No matter what the depth is, the balance of the rod and the jig works the same. You need certain weight to get slow pitch game going.
When you reel and jerk, the rod bends to the weight of the jig, then slowly springs back up and pitches the jig. That creates the jig performances like a weak, hesitating, scared, crippled or dying bait fish.
If with too light a jig, the rod would just punch and release the jig quickly. The jig movement becomes more energetic, closer to high pitch jigging. But when you don’t have a high pitch jig on, jig does not slide to the sides and you’d end up doing “fast pitch” jigging, which would not work well.
Neither is good or bad. They are just different strategies. And there are jig types as certain jigs work well with energetic actions and others work well with soft actions. It’s all up to your tactics.

Action Tone by Rod to Jig Match

Rod Lure weight Punchy Setting Standard Setting Soft Setting
Slow Jerker 603-2 2oz = 56g 60g – 100g 100g – 120g 120g – 150g
Slow Jerker 603-3 3oz = 85g 80g – 130g 130g – 180g 180g – 260g
Slow Jerker 603-4 4oz = 113g 100g – 150g 150g – 210g 210g – 300g
Slow Jerker 603-6 6oz = 850g 120g – 180g 180g – 240g 240g – 400g
High Pitch Jerker 600 3oz = 170g 180g – 260g 260g – 300g 300g – 600g

This is just rough references. Poseidon Slow Jerker is super strong and elastic. If you use the rod’s full length’s power by pushing down the rod butt with your elbow when you lift and keeping the tip angled less than 90 degrees to the line, you can easily push the limit of lure weight and the rod will still strongly spring back up the jig for you.

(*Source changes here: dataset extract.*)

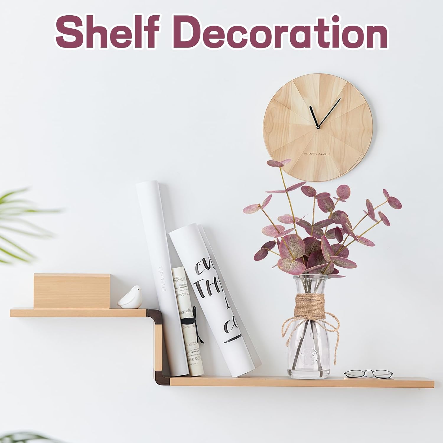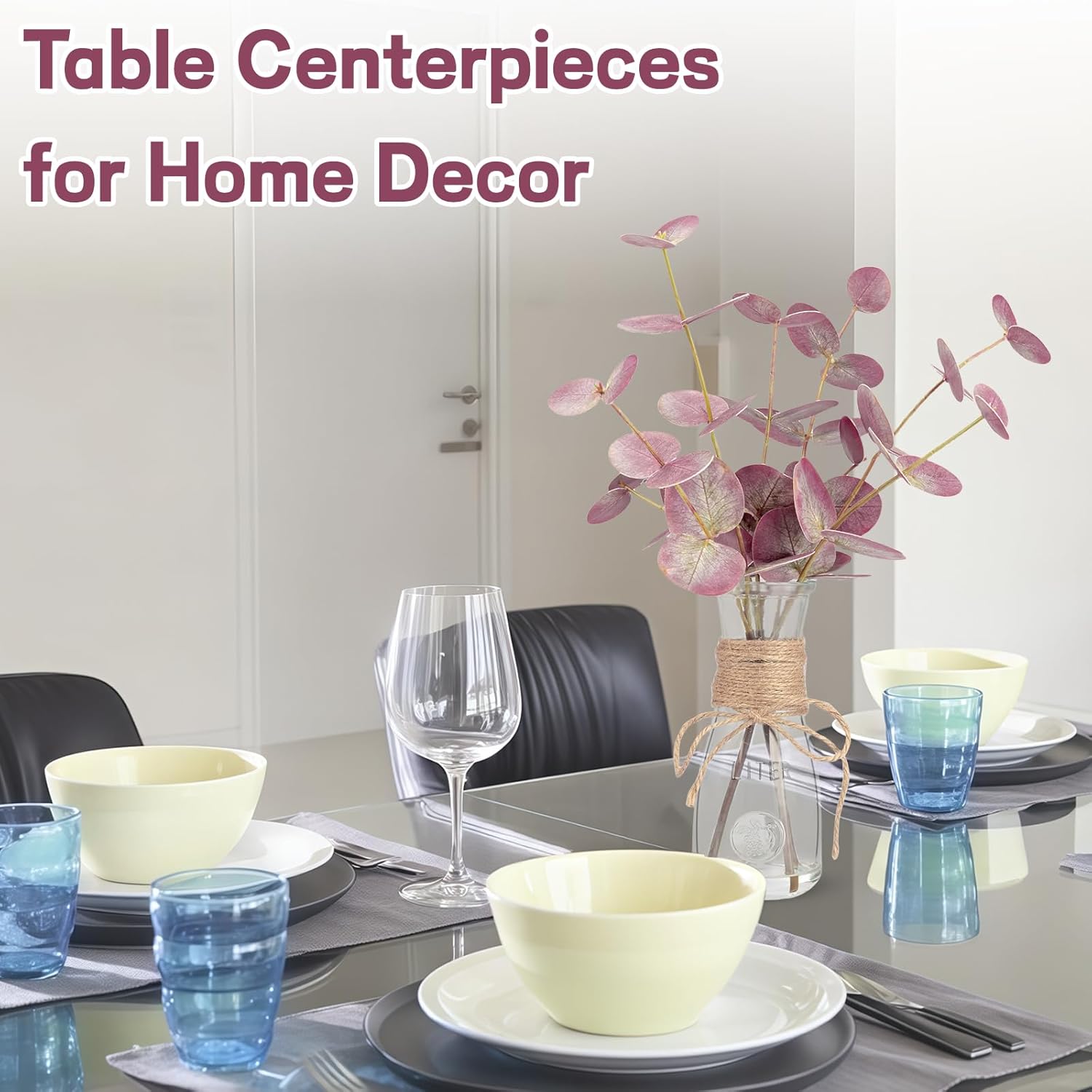 - 【Faux Plant Stems for Vase】: Each eucalyptus leaf is handcrafted and comes with a clear glass vase (Total Height: 15")). The acrylic water ensures that the eucalyptus leaf adheres well to the glass vase, so you don't have to worry about it falling off or spend time arranging them.

Also, keep in mind that the chart is based on the spankered boat. Sea-anchor loosens the line than Spanker and your line will be catching more currents. That is why you need a little more power in the rod. In other words, if from a sea-anchored boat, the rod power becomes weaker than above references.

Jig Types and Preferences

The following is the example of Seafloor Control jigs.

  • Gawky works well with soft setting
  • Cranky works well from soft to standard setting
  • Rector works well from standard to punchy setting
  • Spunky works well with punchy setting (or soft high pitch setting)

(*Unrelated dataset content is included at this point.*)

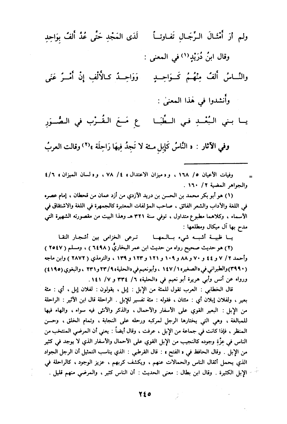 (¬1) هو أبو بكر محمد بن الحسن بن دريد الأزدي من أزد عمان من قحطان، إمام عصره في اللغة والآداب والشعر الفائق، صاحب المؤلفات المعتبرة كالجمهرة في اللغة والاشتقاق في الأسماء، وكلاهما مطبوع متداول، توفي سنة 321 هـ وهذا البيت من مقصورته الشهيرة التي مدح بها آل ميكال ومطلعها:

You can cross check with the action tone chart above. It’s up to your tactics, how heavy and what type of jig to use in what setting. Along with your application, they all combine to determine what actions you are making.

Again, it’s just rough references. You can’t tell what rod to use with how heavy a jig. You just need to drop a jig and see for yourself. The bottom line is that if the rod springs back up straight when you jerk and hold it up, the rod is working the jig. It depends not only on the jig weight, but also on the depth, the current and the line (thicker line catches more currents).

The chart says 603-6 can lift a 400g jig, but sometimes I drop a 210g jig with 603-6 from a spankered boat, but the current pulls the line so hard that the tip doesn’t come back up. Then I know the jig is not moving. I may switch to long fall jigging with a heavier jig or change the rod to high pitch jigging. That’s how it goes.

What when you fish in shallow water?

The balance is more important than merely using a small jig. Shallow water means you can use small jigs. It doesn’t mean a lighter jig works better. It just means you can, as long as you keep the balance.

So, you can start with your normal balanced tackle even in shallow water. Maybe 603-3 with 180g.
When you don’t get contacts, you want to change something and you start thinking…
Should I go lighter? The jig will be smaller and quicker.
Or should I go heavier? The jig will be bigger and slower.
Which is easier for your target to bite, smaller or slower?
There’s no definite answer. It’s your call. Your game. This is the fun of the game. It gives you the framework what you can do and what you can change.
You can change something like the followings.

  • Use different types of the jigs, different types of actions.
  • Go lighter with 150g jig.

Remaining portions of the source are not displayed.